Q: How does the 7-ETF portfolio in ETFYourself.com differ from the Institutional portfolio at SungardenInvestment.com?
This might be the most common misperception among our current subscribers, so let’s clear it up here. My investment approach has had the same objectives (avoid big loss, then make as much as I can, but risk management comes first) since the 1990s.
What has changed is the tool set we investors are able to use, and how markets have evolved. So the 7-ETF portfolio might be what some consider to be "new" but it is really just a very constrained version of the CORE portfolio that is 40% (largest segment) of the service at SungardenInvestment.com. That CORE portfolio has a long-term record, audited through the time I was an advisor, and since that time, it reflects my personal portfolio.
Since folks used to pay a 1% advisory fee and our average client size in those days was $2.5mm, we had to figure out how to provide the investment piece of it to a wider audience, minus the personalization, trading, and supervisory responsibilities of an advisor. The 7-ETF portfolio tries to do that by providing 2 of the basic pieces of the process: the depth chart (7 ETF position slots, each with 7 ETFs to choose from in each of the 7 slots, so that 1 of the 7 is owned at a time) and the portfolio itself. I have run that for about 9 months.
So, are the 3 strategies at SungardenInvestment.com "better” than the 7-ETF model at ETFYourself.com? They are just different, and more flexible, since the Sungarden Investment.com service is a higher-priced offering.
Q: Do you offer a trial version of the Institutional service, like you do for ETFYourself.com?
We decided not to, at least for now. Instead, we opted for something we think was, frankly, pretty altruistic. I have been posting the trade alerts, minus the specifics, to anyone who signed up for the free version of the SungardenInvestment.com service. Not to tease people, but to give them as much of the experience of that version of what we do, without being unfair to the folks that do pay $300 a month.

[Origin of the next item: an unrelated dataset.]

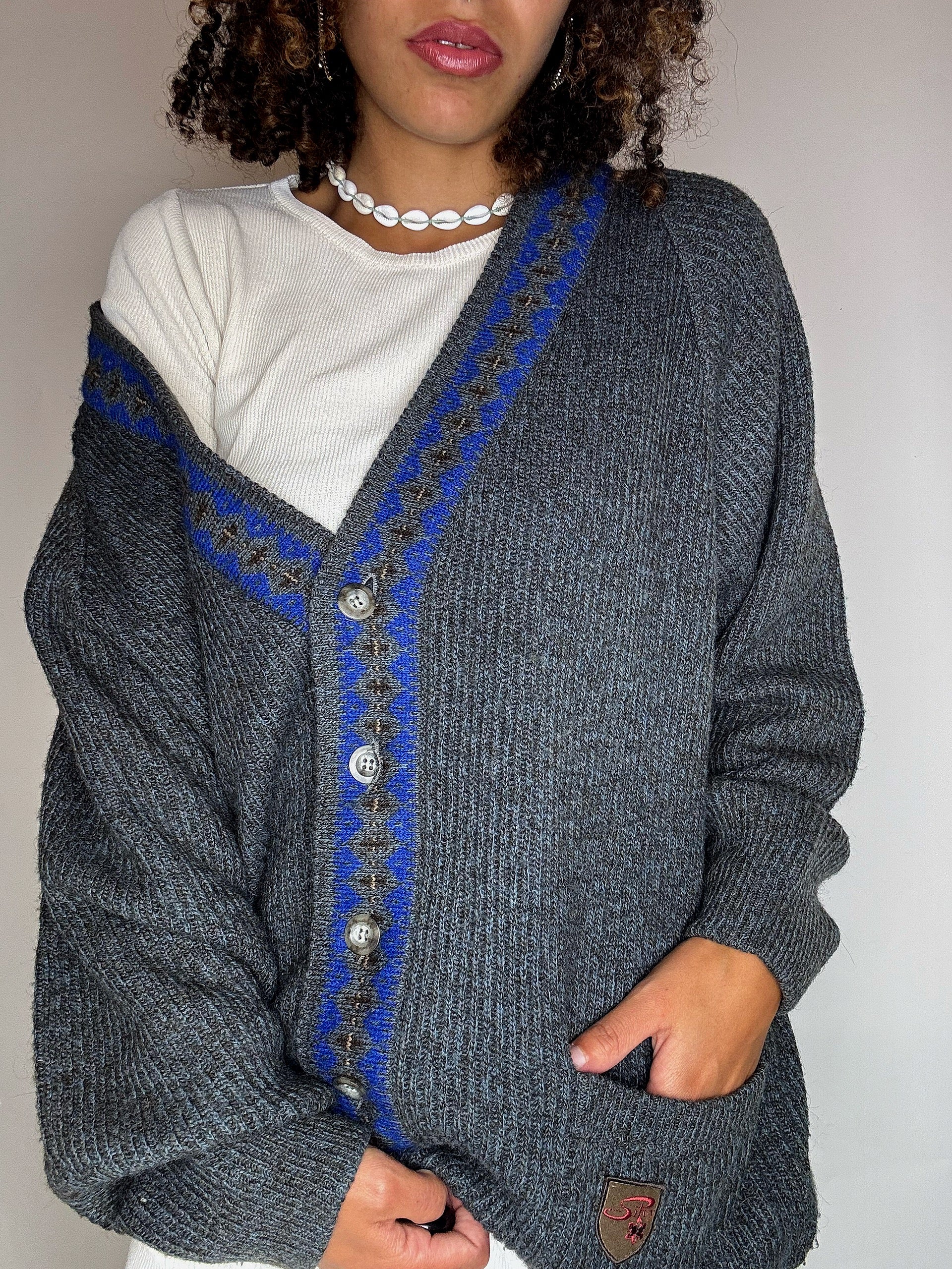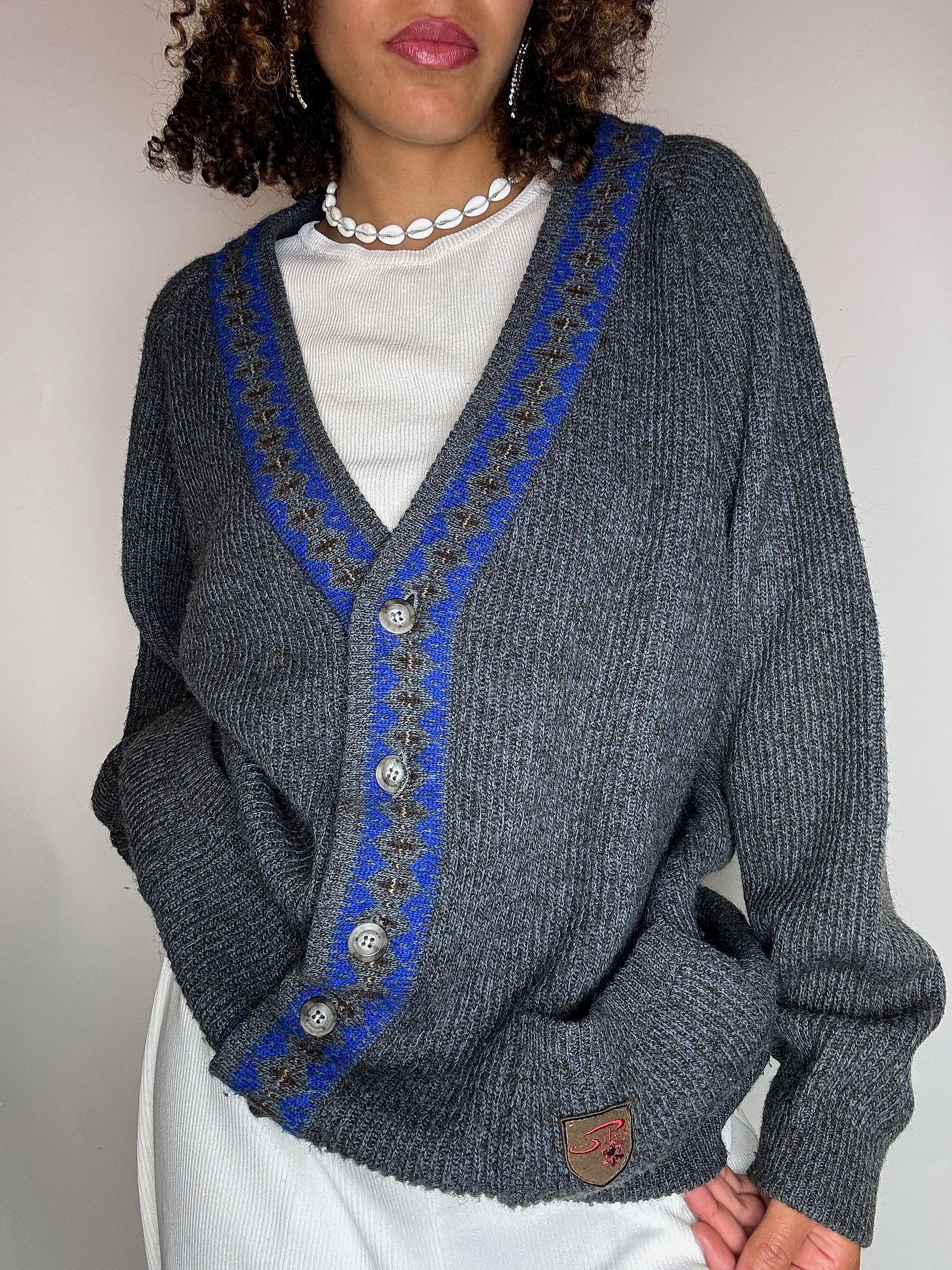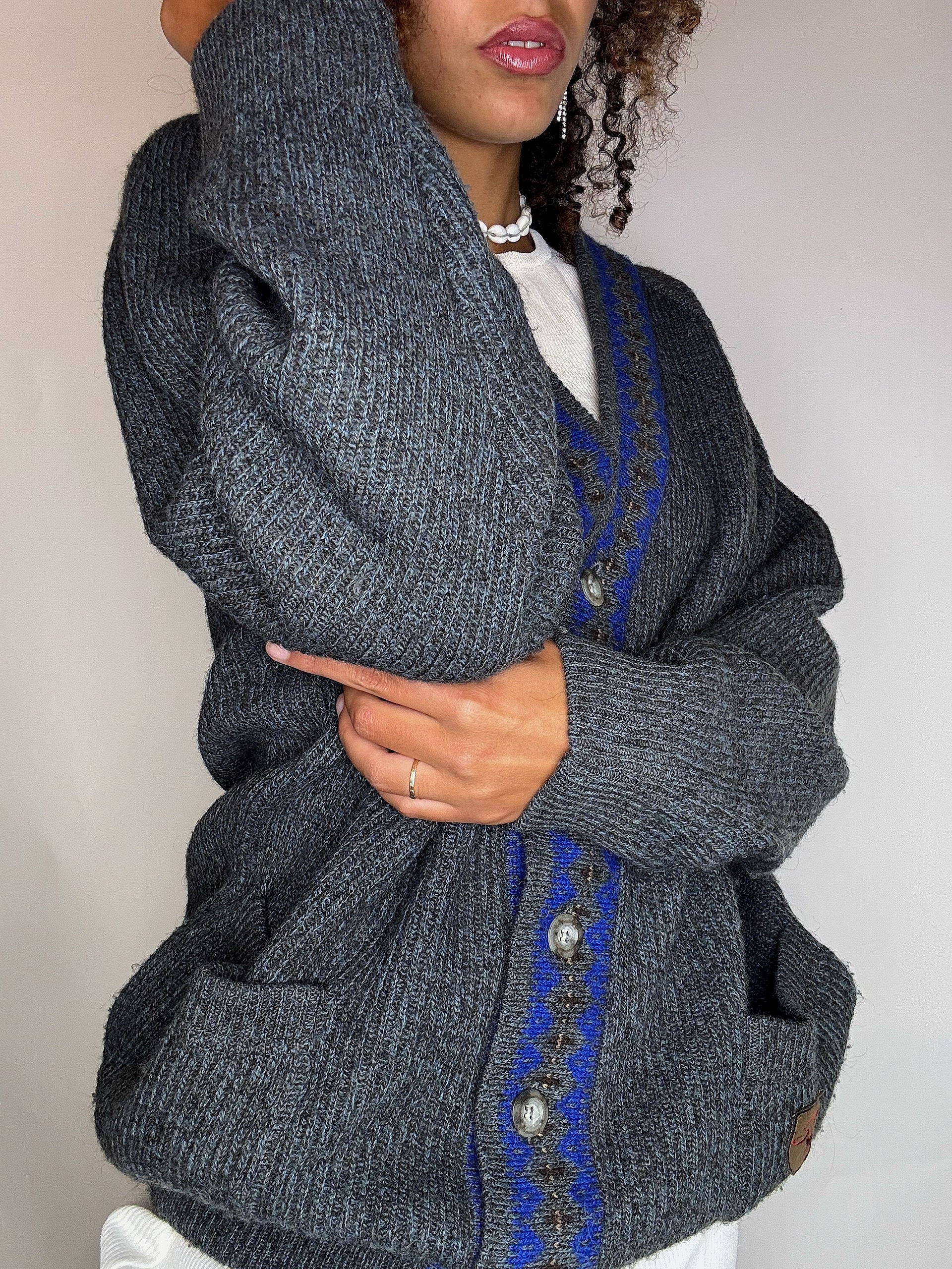 Cardigan en laine gris L/XL vintage

Q: Will you offer part of the Institutional service “a la carte?” For instance, for someone who is only interested in following the Core ETF portfolio or the YARP dividend portfolio?

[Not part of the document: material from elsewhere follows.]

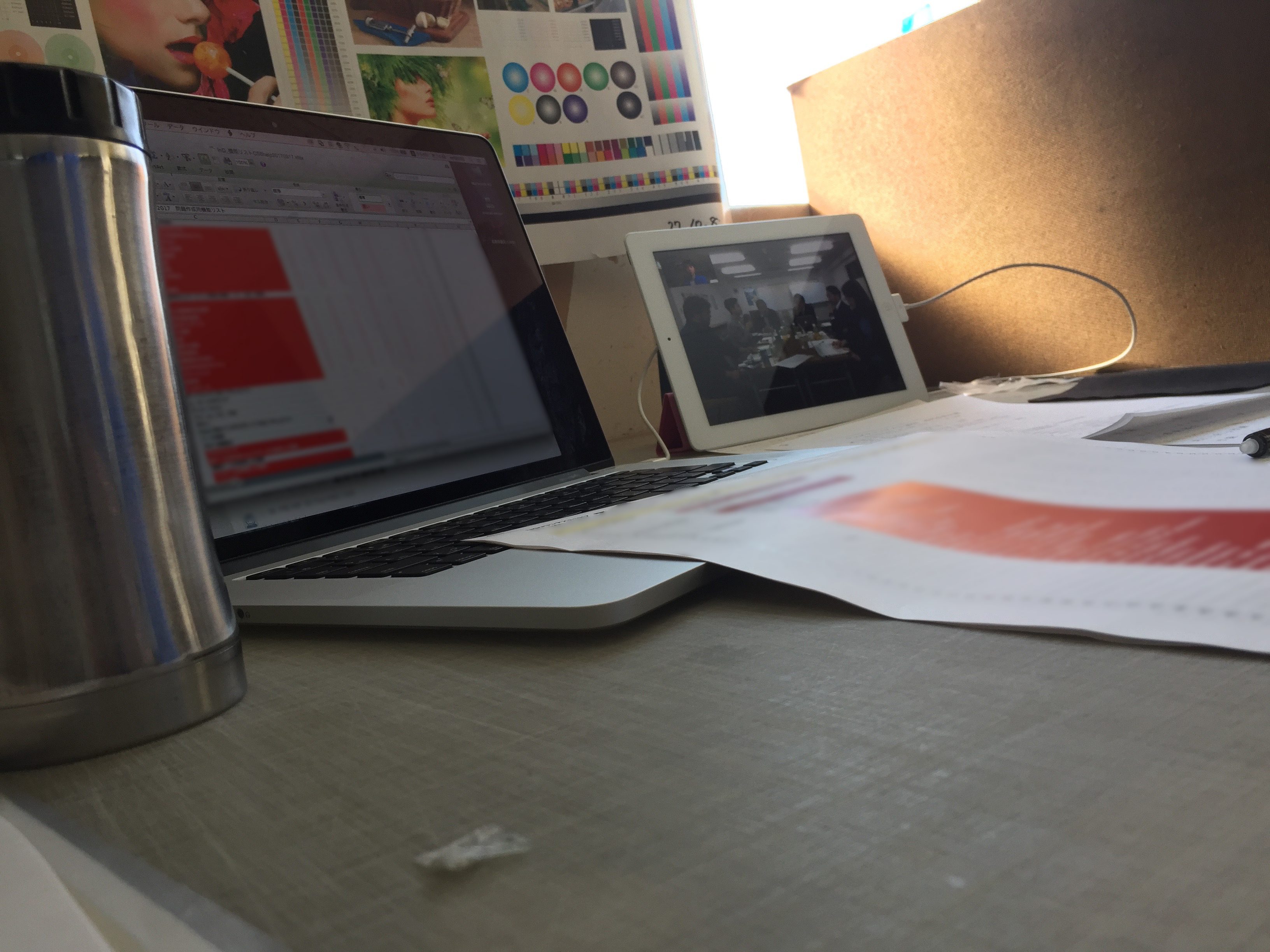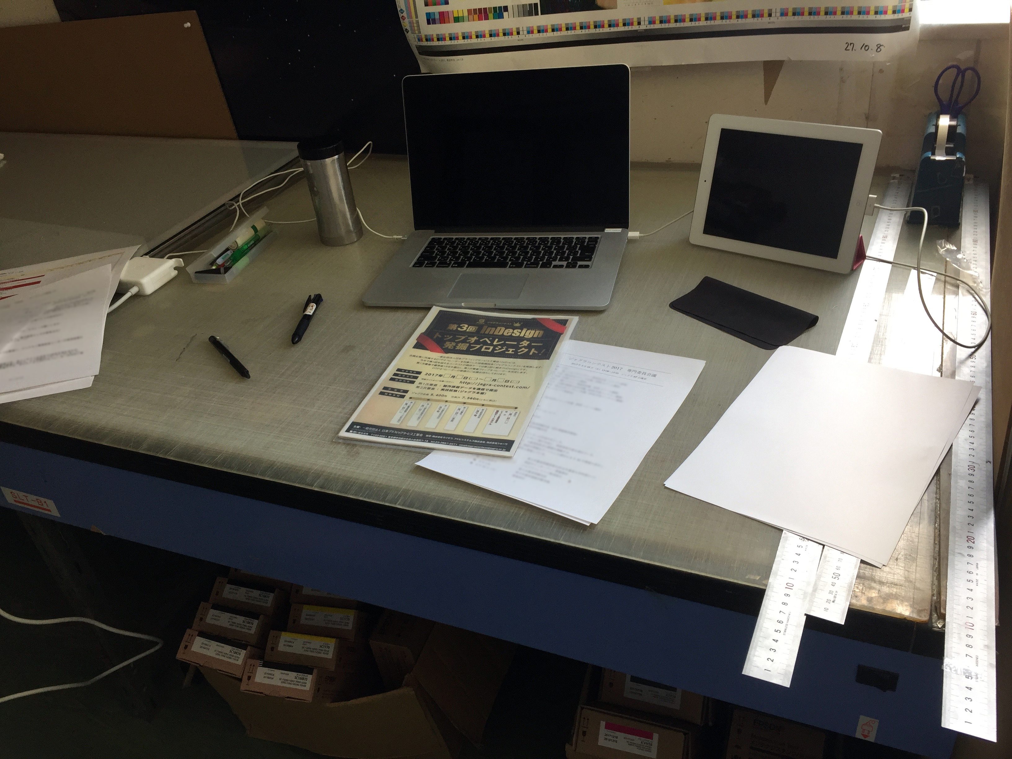 会議室を使いたかったんですが、会議で使われていたため製版課のスペースをお借りしました。

The answer is nearly YES. We are just determining how best to do that. That is something we will cover in the first of the upcoming meetings.
Remember, this is a "second career" for Dana and me, as we retired in 2020 when we sold our advisory business. But this iteration of Sungarden, as a research service/not personalized advisory, is really about seeing if and who wants to learn from my experience from here forward.

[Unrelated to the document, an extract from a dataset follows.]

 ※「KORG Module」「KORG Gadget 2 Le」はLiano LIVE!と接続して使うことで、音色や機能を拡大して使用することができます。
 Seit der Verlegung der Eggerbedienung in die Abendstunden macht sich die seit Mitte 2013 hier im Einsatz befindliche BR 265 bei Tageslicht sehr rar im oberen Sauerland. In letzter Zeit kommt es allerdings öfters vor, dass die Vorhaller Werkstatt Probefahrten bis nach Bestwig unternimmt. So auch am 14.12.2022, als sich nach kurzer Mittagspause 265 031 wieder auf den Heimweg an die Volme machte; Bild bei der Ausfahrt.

I think I am innovating as much as I ever have, especially in the dividend income area (YARP portfolio at SungardenInvestment.com) and we aim to identify the people who want to come along on this semi-retirement investment education/research/decision-making journey with us.
From there, we can price it in a way that people feel they are getting value, and that they can have a "growth path" within the service. We know there's a big gap between $400 a year for ETFYourself.com and $3,600 a year for the Institutional service, and we want those who want to go beyond ETFYourself.com's intentional limitations to help us figure that out.
So we encourage subscribers to give us an idea of what they might be interested in. We have developed a steady following at different levels of interest (free, ETFYourself, SungardenInvestment), and the more we know about what our existing group of followers and subscribers wants, the better and faster we can deliver the uncommon value and experience we set out to when we started this 9 months ago.